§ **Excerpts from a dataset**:
+ + + + +

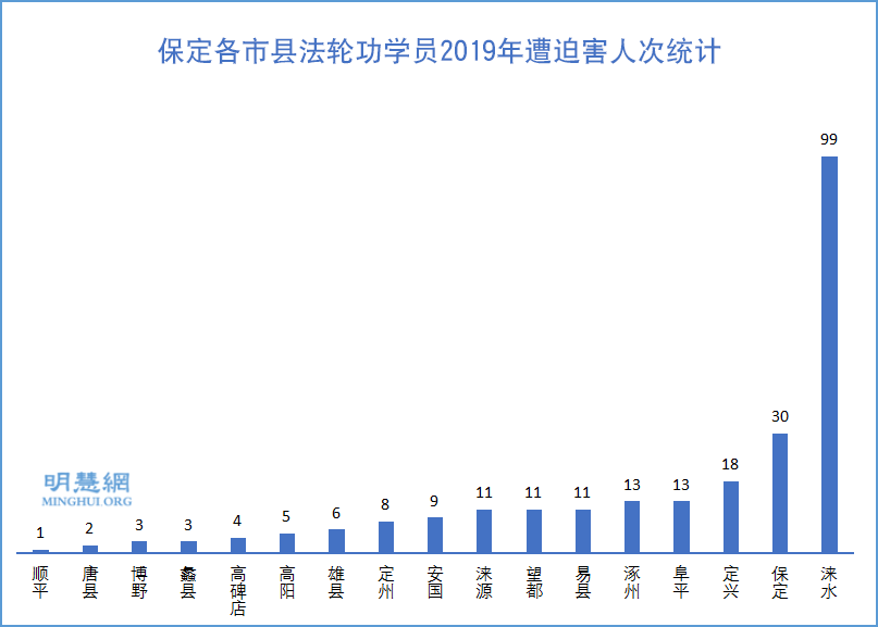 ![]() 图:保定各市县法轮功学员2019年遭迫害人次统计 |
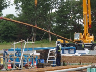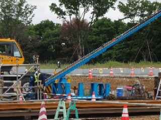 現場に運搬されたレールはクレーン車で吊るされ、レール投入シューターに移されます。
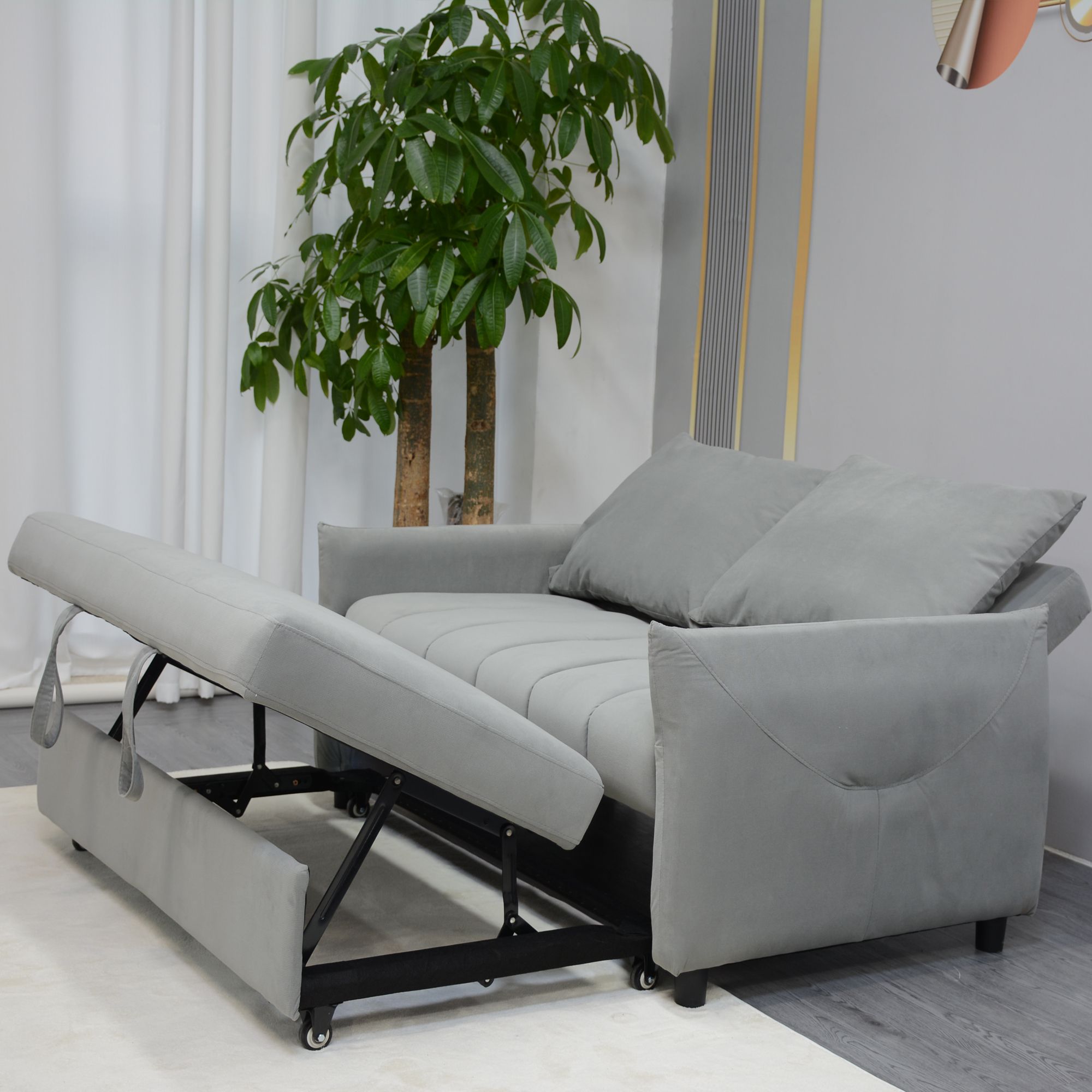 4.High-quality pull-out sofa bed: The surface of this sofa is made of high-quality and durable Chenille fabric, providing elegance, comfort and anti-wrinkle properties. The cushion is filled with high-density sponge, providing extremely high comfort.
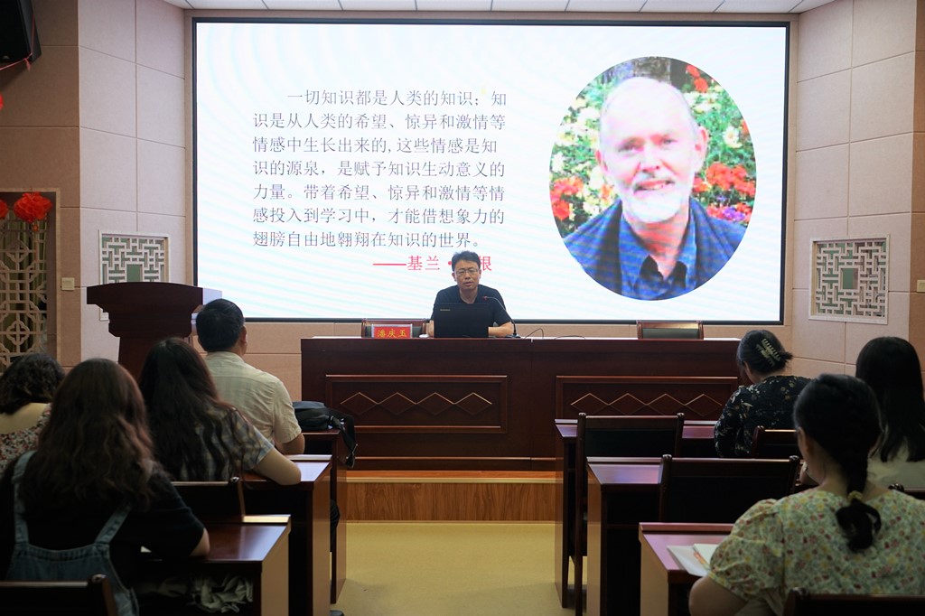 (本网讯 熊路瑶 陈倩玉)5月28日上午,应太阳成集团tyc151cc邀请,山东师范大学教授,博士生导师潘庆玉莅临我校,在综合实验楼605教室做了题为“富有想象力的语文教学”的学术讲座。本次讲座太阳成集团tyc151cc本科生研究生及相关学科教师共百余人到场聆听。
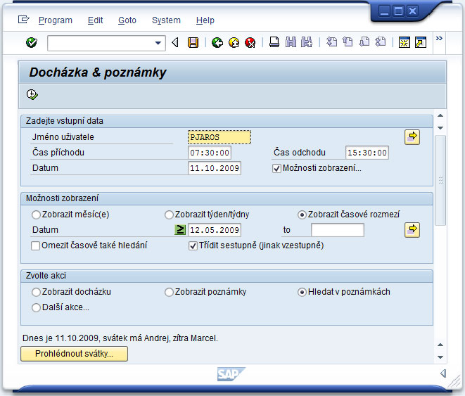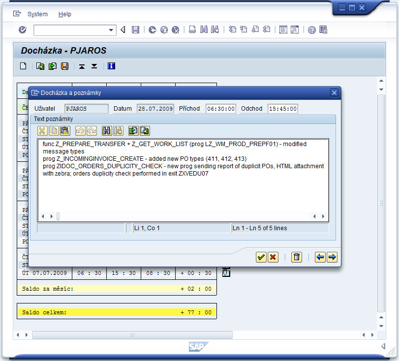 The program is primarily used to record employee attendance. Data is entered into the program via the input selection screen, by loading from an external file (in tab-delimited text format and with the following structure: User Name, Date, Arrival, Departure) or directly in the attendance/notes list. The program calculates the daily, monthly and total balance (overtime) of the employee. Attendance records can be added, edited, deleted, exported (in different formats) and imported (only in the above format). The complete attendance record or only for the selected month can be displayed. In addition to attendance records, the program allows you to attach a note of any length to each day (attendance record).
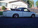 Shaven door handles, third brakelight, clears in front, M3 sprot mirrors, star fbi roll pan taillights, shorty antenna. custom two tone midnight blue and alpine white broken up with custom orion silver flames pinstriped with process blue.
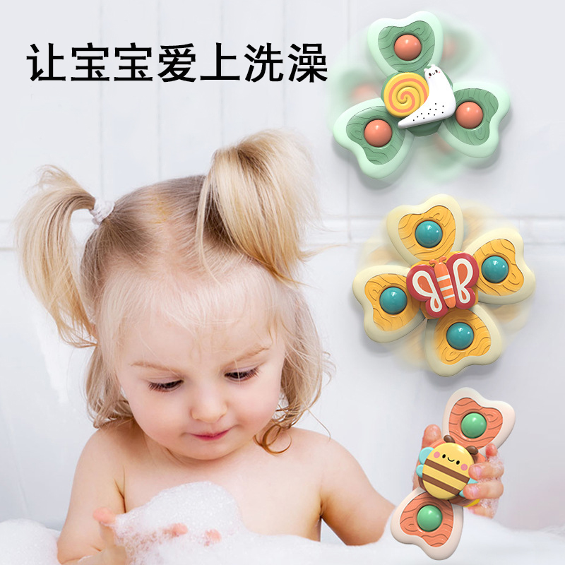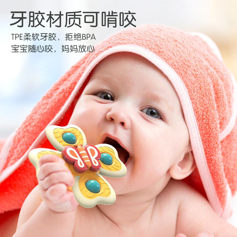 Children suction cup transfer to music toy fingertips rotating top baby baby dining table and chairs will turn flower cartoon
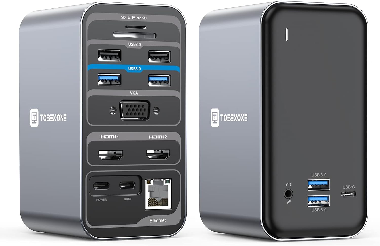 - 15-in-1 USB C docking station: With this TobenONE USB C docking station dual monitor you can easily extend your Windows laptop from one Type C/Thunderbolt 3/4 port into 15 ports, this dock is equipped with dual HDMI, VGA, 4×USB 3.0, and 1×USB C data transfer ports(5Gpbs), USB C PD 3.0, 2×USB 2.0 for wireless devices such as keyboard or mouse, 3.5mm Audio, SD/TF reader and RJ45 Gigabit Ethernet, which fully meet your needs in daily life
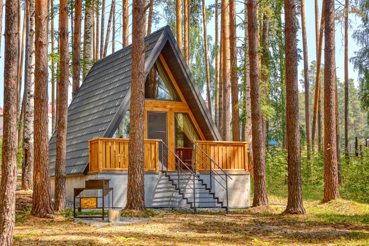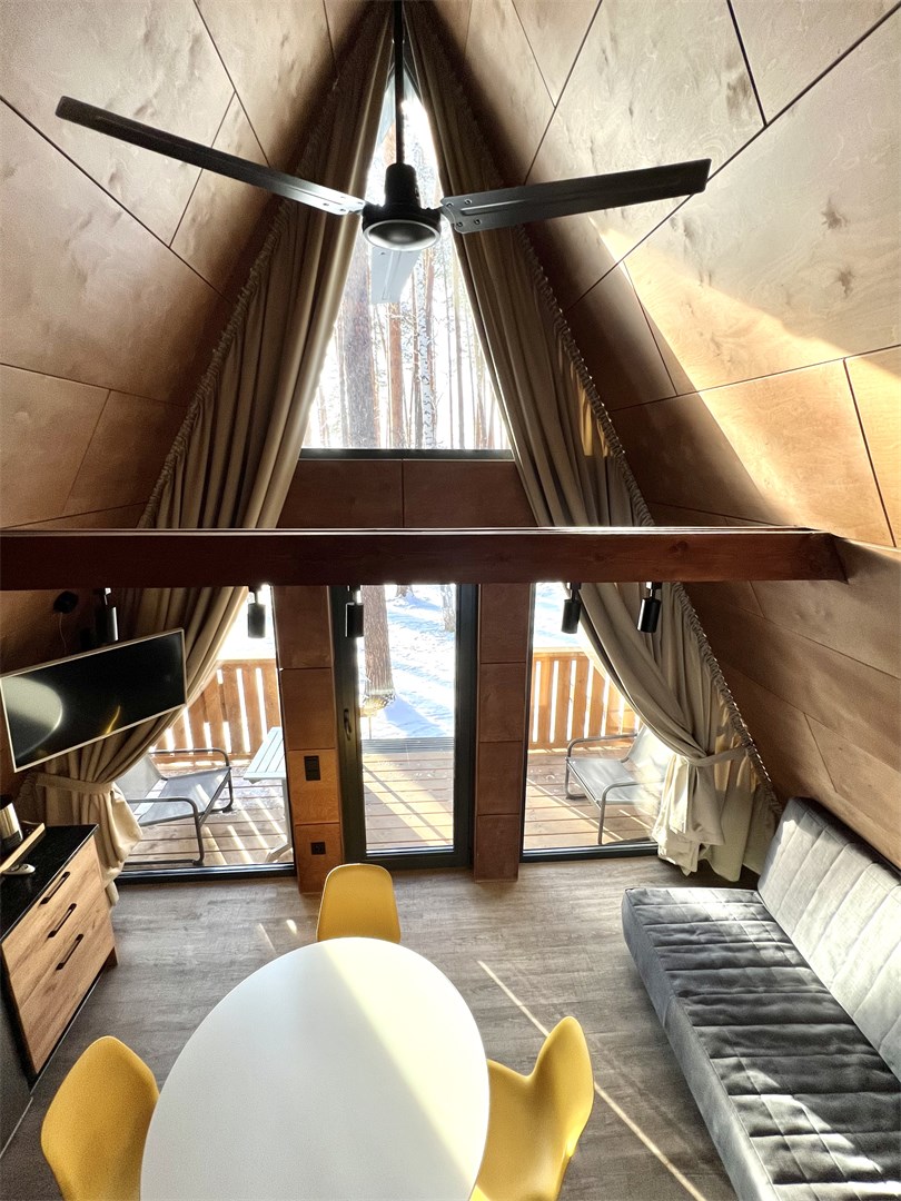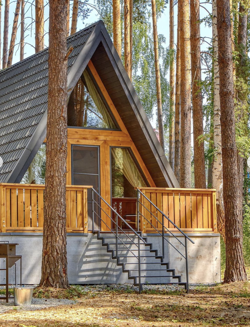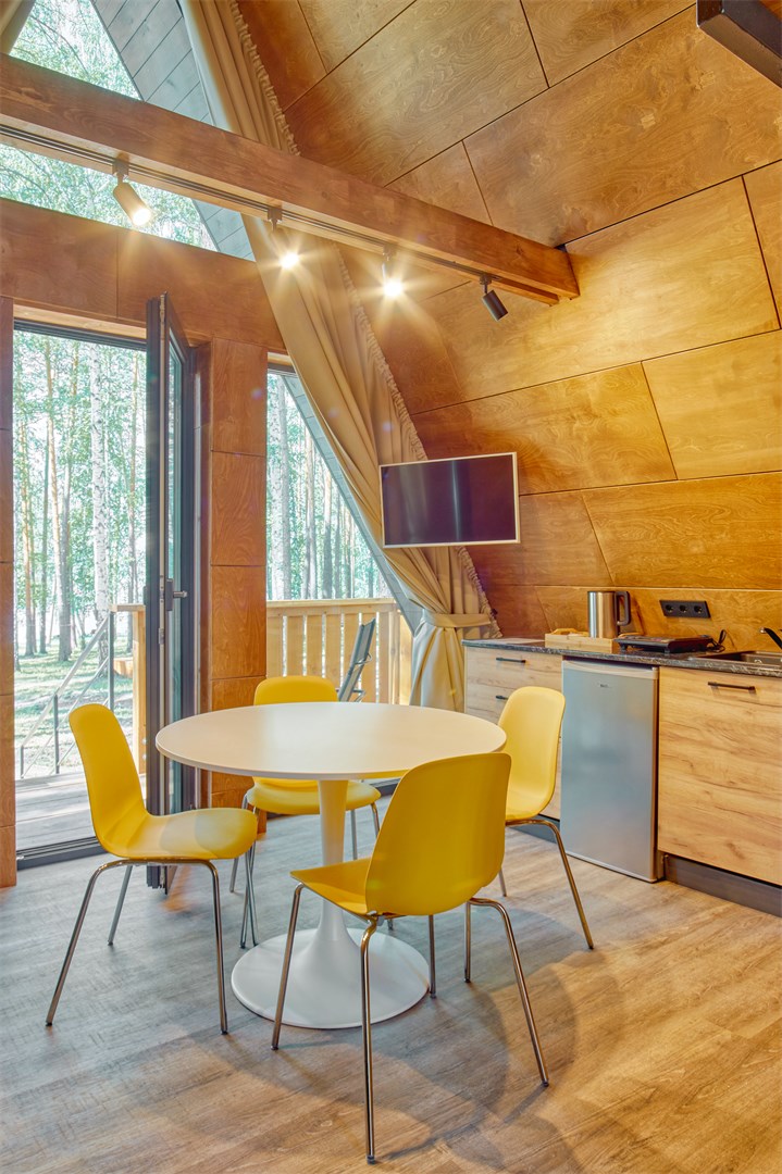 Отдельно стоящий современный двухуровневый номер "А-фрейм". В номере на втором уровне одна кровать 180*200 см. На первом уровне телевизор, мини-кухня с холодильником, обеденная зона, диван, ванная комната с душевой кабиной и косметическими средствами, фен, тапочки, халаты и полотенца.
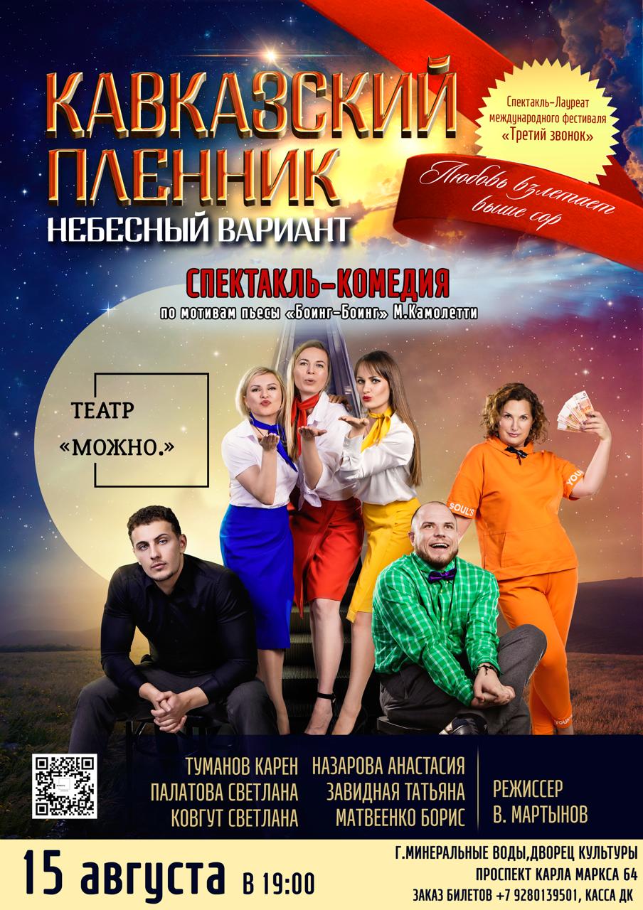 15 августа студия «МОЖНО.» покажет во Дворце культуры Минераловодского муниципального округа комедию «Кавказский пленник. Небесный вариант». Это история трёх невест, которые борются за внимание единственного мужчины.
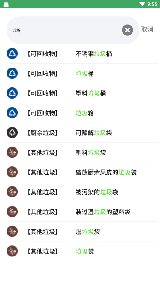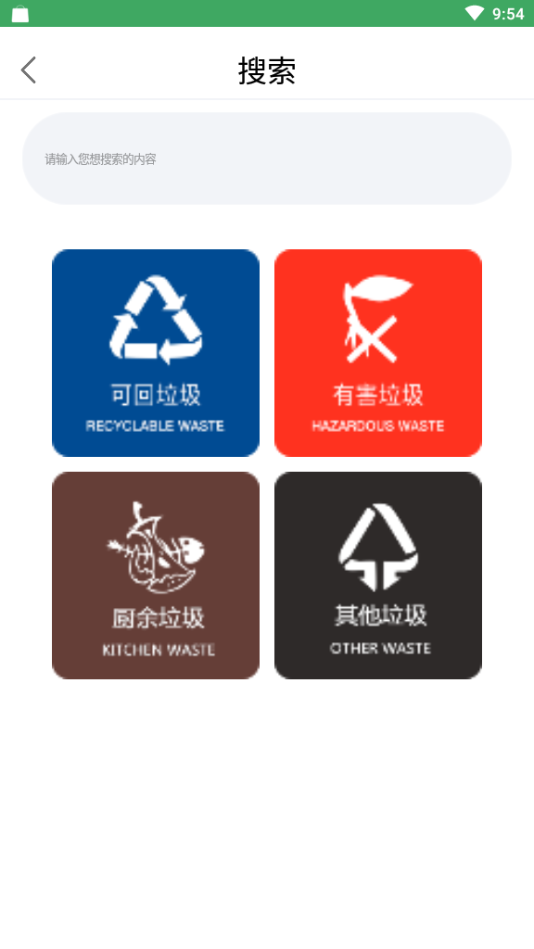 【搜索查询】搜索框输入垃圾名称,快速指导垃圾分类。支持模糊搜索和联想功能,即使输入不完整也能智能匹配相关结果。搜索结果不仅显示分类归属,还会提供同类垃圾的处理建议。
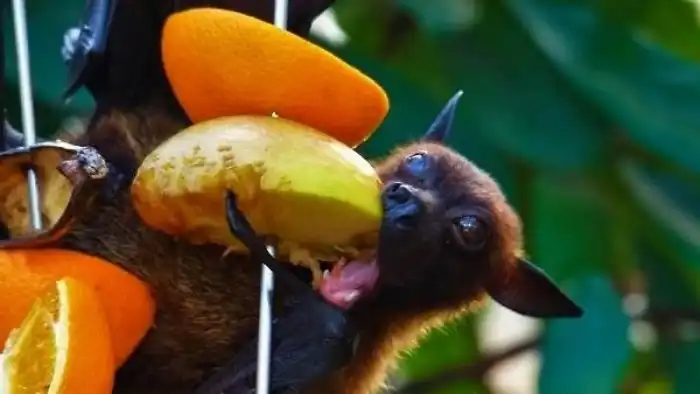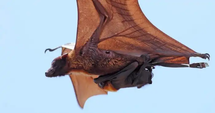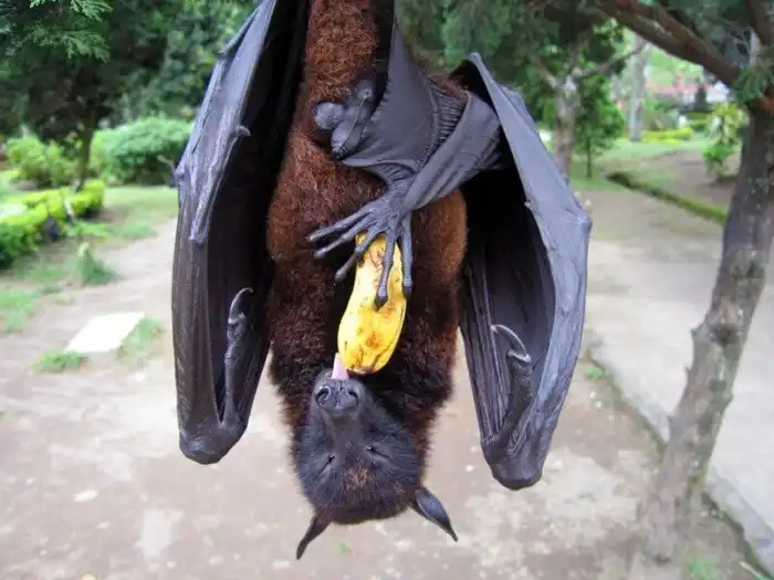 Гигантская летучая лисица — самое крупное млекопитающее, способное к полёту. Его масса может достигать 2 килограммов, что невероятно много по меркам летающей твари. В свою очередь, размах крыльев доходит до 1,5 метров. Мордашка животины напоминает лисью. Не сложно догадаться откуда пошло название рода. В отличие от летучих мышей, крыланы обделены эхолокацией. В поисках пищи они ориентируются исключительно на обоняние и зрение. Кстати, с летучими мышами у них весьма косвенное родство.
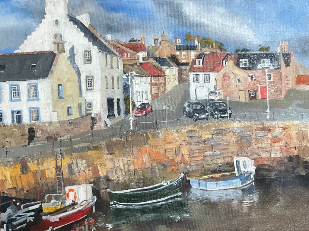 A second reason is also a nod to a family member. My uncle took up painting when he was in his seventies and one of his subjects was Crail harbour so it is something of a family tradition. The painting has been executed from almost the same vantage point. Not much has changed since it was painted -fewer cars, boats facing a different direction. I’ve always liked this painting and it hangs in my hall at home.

+ + + + +

§ **Problem**:
Where an entry holds an image, drop the image and copy the remaining text exactly.

§ **The answer**:
 ![]() 图:保定各市县法轮功学员2019年遭迫害人次统计 |
 現場に運搬されたレールはクレーン車で吊るされ、レール投入シューターに移されます。
 4.High-quality pull-out sofa bed: The surface of this sofa is made of high-quality and durable Chenille fabric, providing elegance, comfort and anti-wrinkle properties. The cushion is filled with high-density sponge, providing extremely high comfort.
 (本网讯 熊路瑶 陈倩玉)5月28日上午,应太阳成集团tyc151cc邀请,山东师范大学教授,博士生导师潘庆玉莅临我校,在综合实验楼605教室做了题为“富有想象力的语文教学”的学术讲座。本次讲座太阳成集团tyc151cc本科生研究生及相关学科教师共百余人到场聆听。
 The program is primarily used to record employee attendance. Data is entered into the program via the input selection screen, by loading from an external file (in tab-delimited text format and with the following structure: User Name, Date, Arrival, Departure) or directly in the attendance/notes list. The program calculates the daily, monthly and total balance (overtime) of the employee. Attendance records can be added, edited, deleted, exported (in different formats) and imported (only in the above format). The complete attendance record or only for the selected month can be displayed. In addition to attendance records, the program allows you to attach a note of any length to each day (attendance record).
 Shaven door handles, third brakelight, clears in front, M3 sprot mirrors, star fbi roll pan taillights, shorty antenna. custom two tone midnight blue and alpine white broken up with custom orion silver flames pinstriped with process blue.
 Children suction cup transfer to music toy fingertips rotating top baby baby dining table and chairs will turn flower cartoon
 - 15-in-1 USB C docking station: With this TobenONE USB C docking station dual monitor you can easily extend your Windows laptop from one Type C/Thunderbolt 3/4 port into 15 ports, this dock is equipped with dual HDMI, VGA, 4×USB 3.0, and 1×USB C data transfer ports(5Gpbs), USB C PD 3.0, 2×USB 2.0 for wireless devices such as keyboard or mouse, 3.5mm Audio, SD/TF reader and RJ45 Gigabit Ethernet, which fully meet your needs in daily life
 Отдельно стоящий современный двухуровневый номер "А-фрейм". В номере на втором уровне одна кровать 180*200 см. На первом уровне телевизор, мини-кухня с холодильником, обеденная зона, диван, ванная комната с душевой кабиной и косметическими средствами, фен, тапочки, халаты и полотенца.
 15 августа студия «МОЖНО.» покажет во Дворце культуры Минераловодского муниципального округа комедию «Кавказский пленник. Небесный вариант». Это история трёх невест, которые борются за внимание единственного мужчины.
 【搜索查询】搜索框输入垃圾名称,快速指导垃圾分类。支持模糊搜索和联想功能,即使输入不完整也能智能匹配相关结果。搜索结果不仅显示分类归属,还会提供同类垃圾的处理建议。
 Гигантская летучая лисица — самое крупное млекопитающее, способное к полёту. Его масса может достигать 2 килограммов, что невероятно много по меркам летающей твари. В свою очередь, размах крыльев доходит до 1,5 метров. Мордашка животины напоминает лисью. Не сложно догадаться откуда пошло название рода. В отличие от летучих мышей, крыланы обделены эхолокацией. В поисках пищи они ориентируются исключительно на обоняние и зрение. Кстати, с летучими мышами у них весьма косвенное родство.
 A second reason is also a nod to a family member. My uncle took up painting when he was in his seventies and one of his subjects was Crail harbour so it is something of a family tradition. The painting has been executed from almost the same vantage point. Not much has changed since it was painted -fewer cars, boats facing a different direction. I’ve always liked this painting and it hangs in my hall at home.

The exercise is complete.